_Prompt:_
Find the line containing "Paper loose/slipped in" in the listing below; reproduce it and every line after, exactly. Skip pictures.

_Provided data:_
○ ○ ○ ○ ○ ○ ○

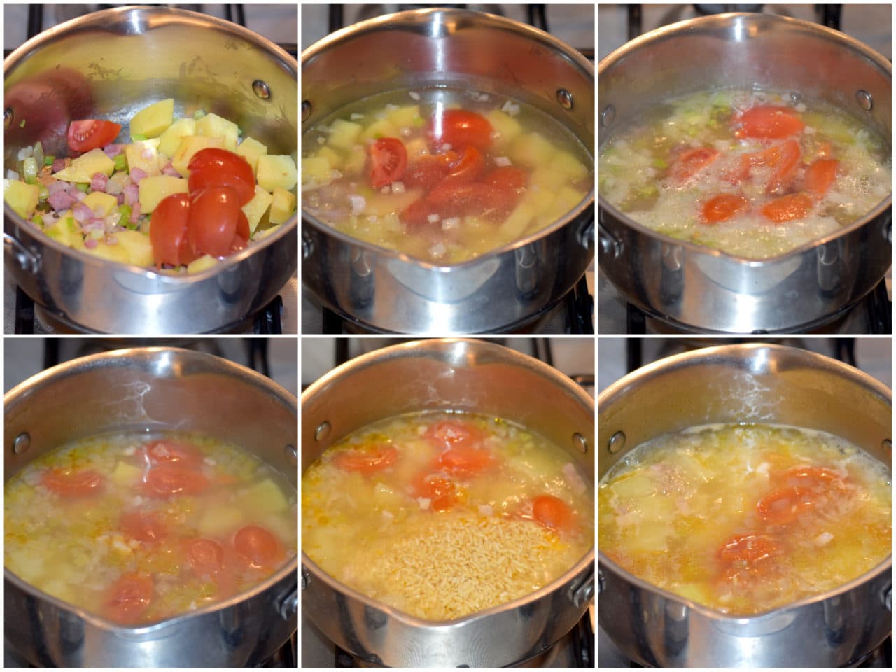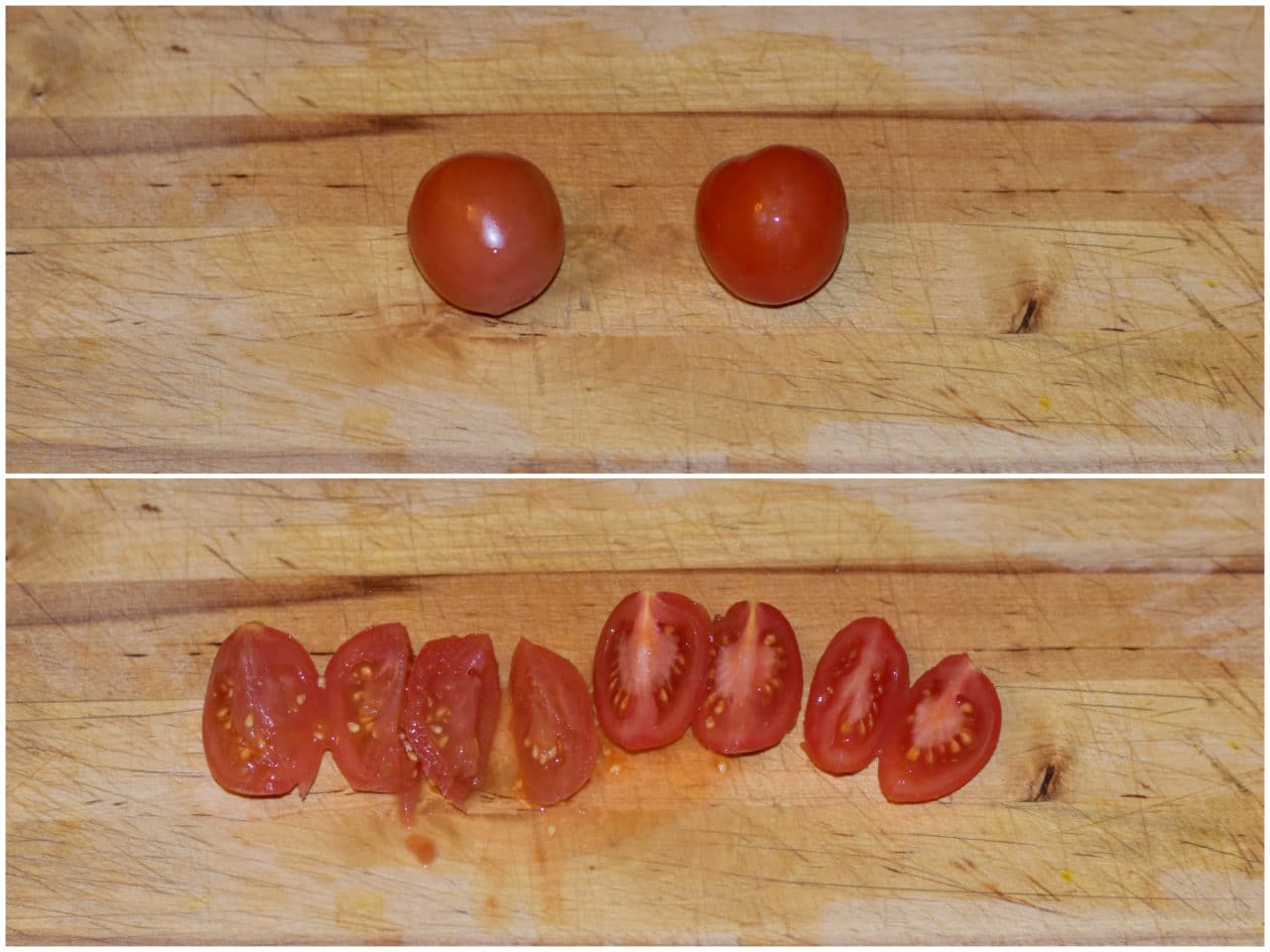 lavate i pomodorini, tagliateli in 4 parti e aggiungeteli, poi salate leggermente, coprite con acqua abbondate, portate a ebollizione e cuocete per circa 15-20 minuti o fin quando le patate non risulteranno cotte.
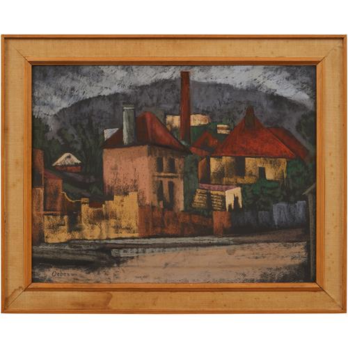 Paper loose/slipped in frame, small loss to upper right corner, pinhole to lower right corner, smudge marks across lower half and diagonally from to left corner, frame in poor condition with no glazing.
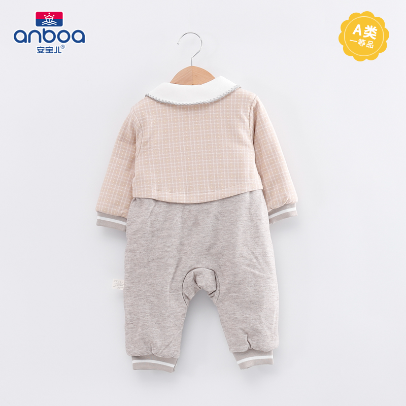 安宝儿婴儿连体衣秋冬衣服新生儿男女宝宝夹棉保暖哈衣厚款 爬服装

○ ○ ○ ○ ○ ○ ○

_Result of this exercise:_
 Paper loose/slipped in frame, small loss to upper right corner, pinhole to lower right corner, smudge marks across lower half and diagonally from to left corner, frame in poor condition with no glazing.
 安宝儿婴儿连体衣秋冬衣服新生儿男女宝宝夹棉保暖哈衣厚款 爬服装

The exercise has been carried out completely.